Field research has suggested that this model is flawed, and that in fact termite workers exhibit feeding site fidelity or tenacity, eating preferentially in one location rather than remixing uniformly across the foraging territory (Su, et al. 1993, Forschler and Townsend 1996, Evans, et al. 1998, 1999). A fuller understanding of R. flavipes’ exploitation of their multiple feeding resources is valuable in its own right, but may also impact pesticide delivery strategies; slow-acting, nonrepellent termiticides depend on the interaction between exposed and naive nestmates.
We built foraging networks in the lab to examine how 13 R. flavipes colonies exploited multiple, physically separated feeding sites. We monitored travel within the networks regularly and fully censused the colonies after 18 months to answer the following questions: Would workers circulate throughout the network or feed preferentially in one site? How would the different castes distribute themselves across the network? Were the reproductives and the brood housed together in the central resource?
THE EXPERIMENTS. The feeding networks were constructed with three clear plastic canisters linked together with 3.5-meter sections of flexible plastic tubing; a whole system measured almost 7 meters from end to end. Although the center canister of each network was larger than the two side ones, all three were filled with equal amounts of moist wood. The connecting tubes were loosely filled with sand to simulate active worker tunneling during the search for new resources. Wood and moisture were replenished as needed.
We placed entire, eight-year-old lab colonies (averaging 7,000-plus individuals) in the center chamber of each feeding network and allowed them to forage for three years. Nine of the colonies contained their original kings and queens (the primary reproductives), while four contained primary kings and at least one replacement or secondary reproductive female which had developed after the queen died. At the experiment’s midpoint, the networks were temporarily dismantled and all of the termites were counted. This gave us a snapshot of each colony’s distribution within the networks and the relative positions of the reproductives and their brood.
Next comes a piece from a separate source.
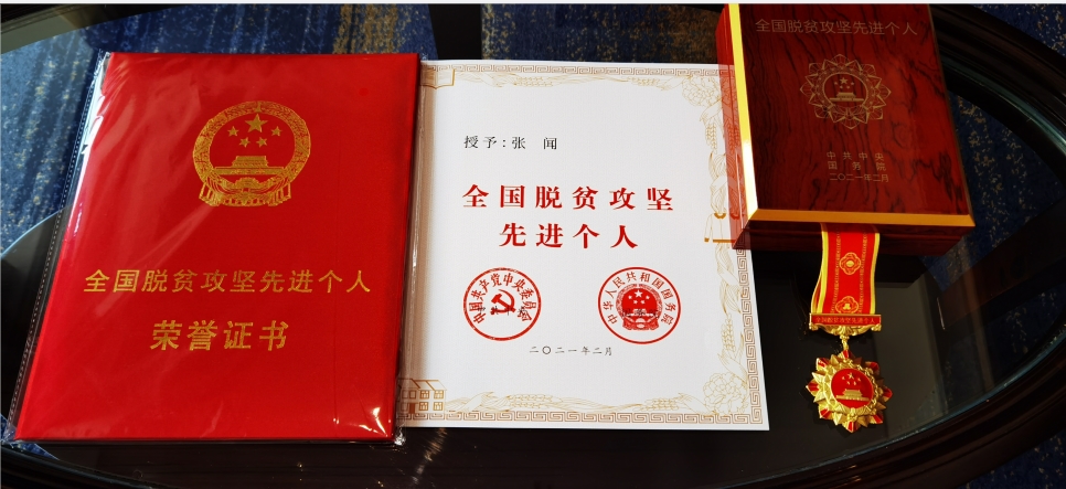 “经过全党全国各族人民共同努力,在迎来中国共产党成立一百周年的重要时刻,我国脱贫攻坚战取得了全面胜利。”随着习近平总书记的话音落下,中国脱贫攻坚的战斗宣告胜利,困扰中华民族几千年的贫困问题得到了历史性解决。在这场脱贫攻坚战役的背后,无数扶贫英雄去往贫困第一线,用坚韧不拔的毅力、使命在肩的初心,在那片土地上倾力奉献,哺育出一片硕果累累。2021年2月25日,全国脱贫攻坚总结表彰大会在北京人民大会堂隆重举行。张闻以全国脱贫攻坚先进个人身份受邀走进了人民大会堂,站在了国家的领奖台上,接受了习近平总书记的接见。

Monitoring individual termites throughout the networks was impossible; however, we were able to track travel patterns across the networks using mark-recapture, an indispensable tool for mapping foraging territories in the field. Workers were collected from both side chambers and were fed paper that had been dyed either red or blue. This dye remained visible in the termites’ bodies for up to 30 days (Figure 2). We returned the dyed termites to their original containers and recollected from both side chambers and the central hub after either 7, 14 or 30 days. By comparing the ratio of red and blue termites collected from all three feeding sites, we were able to evaluate the movement patterns. (See chart on page 66.) For example, if the same proportions of dyed workers were recovered in each of the three resources, it suggested that termites redistributed evenly throughout the network. Alternatively, if marked termites were recaptured disproportionately, then workers apparently failed to redistribute uniformly.
RESULTS. Analysis of our recapture data showed that even 30 days after marked termites were returned to the chamber where they had first been collected, they were significantly more likely to be recovered from that same resource than from either of the other two available feeding chambers. We emphasize that this preference was not absolute; marked workers were recovered from all three chambers, but workers did not remix fully with their nestmates in the other chambers.
The census showed that kings and queens (or secondary female reproductives) were found side by side in all but one colony. In that one exception (a colony with four secondary females), the king and two female neotenics were located in the central chamber and the other two neotenic females were positioned together in a side chamber. Reproductives never shared the same cavity within the wood as their brood, and in seven of the 13 colonies they were in an entirely separate chamber of the network. The eggs and larvae were largely kept together in a brood gallery excavated within the wood. On average, 81 percent of larvae and 96 percent of eggs were found here. The resource chambers that contained these brood clutches also housed just over half of the colonies’ workers who were presumably there to care for the young.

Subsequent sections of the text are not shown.